Quarentena
30/03/2020 11:23 - Atualizado em 13/05/2020 17:26
Quando eu era criança, ao meio dia da quarta-feira de Cinzas, minha avó, mãe do meu pai, iniciava seu ostracismo de quaresma. Durante os quarenta dias que antecediam o Domingo de Ramos, ela se recolhia em casa, prendia os cabelos, se desnudava de qualquer vaidade usando uma túnica roxa horrorosa. Maria não fazia quase nada além de rezar e preparar as refeições da família, sem carne – extremamente proibida durante o chamado jejum da quarentena. A casa não arrumava, o chão não varria.O bordado postergava. Doces não comia. Qualquer forma de prazer, mesmo que mínima, era completamente condenada. Tudo isso em penitência Cristã. Uma espera de quarenta dias para livrar o corpo dos pecados mundanos devidamente bem compensada com os ovos e chocolates de Páscoa.
Até hoje, algumas igrejas de cidades muito católicas, como São João Del Rey e Tiradentes, cobrem seus pisos com flores de alfazema deixando um perfume hipnótico que atrai até pagãos – como eu. Segundo a tradição, a alfazema perfuma a igreja disfarçando o cheiro ruim da falta de limpeza e afasta as traças e baratas. 

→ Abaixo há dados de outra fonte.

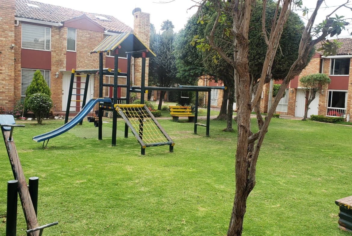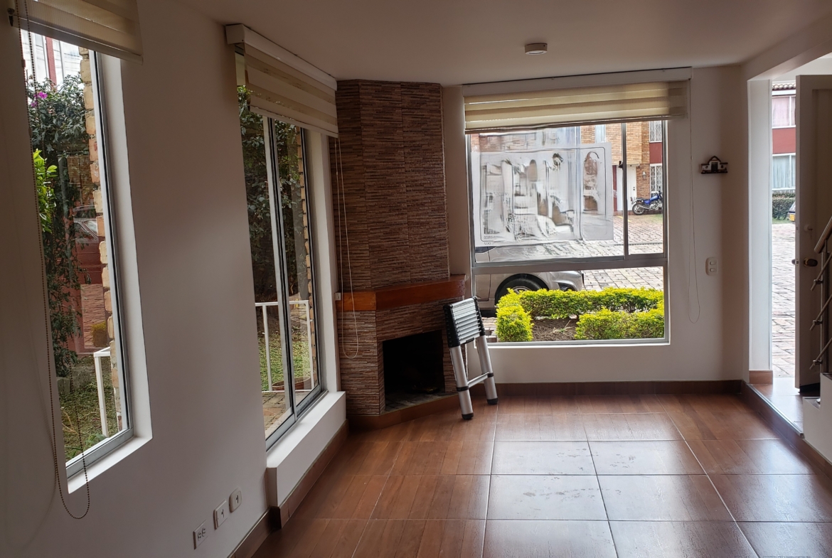 En conjunto cerrado, muy buena ubicación, dos pisos, en el segundo piso tres alcobas con closet, principal con baño, hall de alcobas, baño de alcobas, primer piso sala comedor con chimenea y balcón, estudio, cocina integral, baño social, patio de ropas cubierto, parqueadero, conjunto con zonas vedes, parque infantil. Facilidad de transporte público. CV 2014

Esses dias, conversando com minha mãe sobre a reclusão imposta pelo Covid-19, recebo dela a pergunta “Até quando vai durar esta quarentena?”.Minha mãe estava completamente agoniada com as incertezas do futuro – como se futuro houvesse certeza alguma - e da extensão desta quarentena que poderia durar bem mais do que quarenta dias.
"Quando voltaremos a ter uma vida normal?"
Em quase duas semanas de reclusão pego-me a pensar se realmente desejo voltar à vida “normal” que tinha. Enquanto empresários mostram suas garras selvagens destilando prognósticos de “5.000, 7.000 ou 12.000 velhinhos mortos”, moradores da Baixada Santista enxergam um céu azul não visto na cidade desde a década de 70. No céu de Santos ressurgiu aos olhos dos moradores, um aglomerado de estrelas Ômega Centauri, antes cobertas pelo céu marrom da polução. É para essa vida normal que queremos retornar?
É este o país que não pode parar?
João Guimarães Rosa escreveu: “A traça não pode com a alfazema.” Sejamos então as flores que combaterão o vírus da intolerância, do individualismo, e do capitalismo exacerbado e inconsequente que nos move em alta velocidade rumo ao fim do mundo.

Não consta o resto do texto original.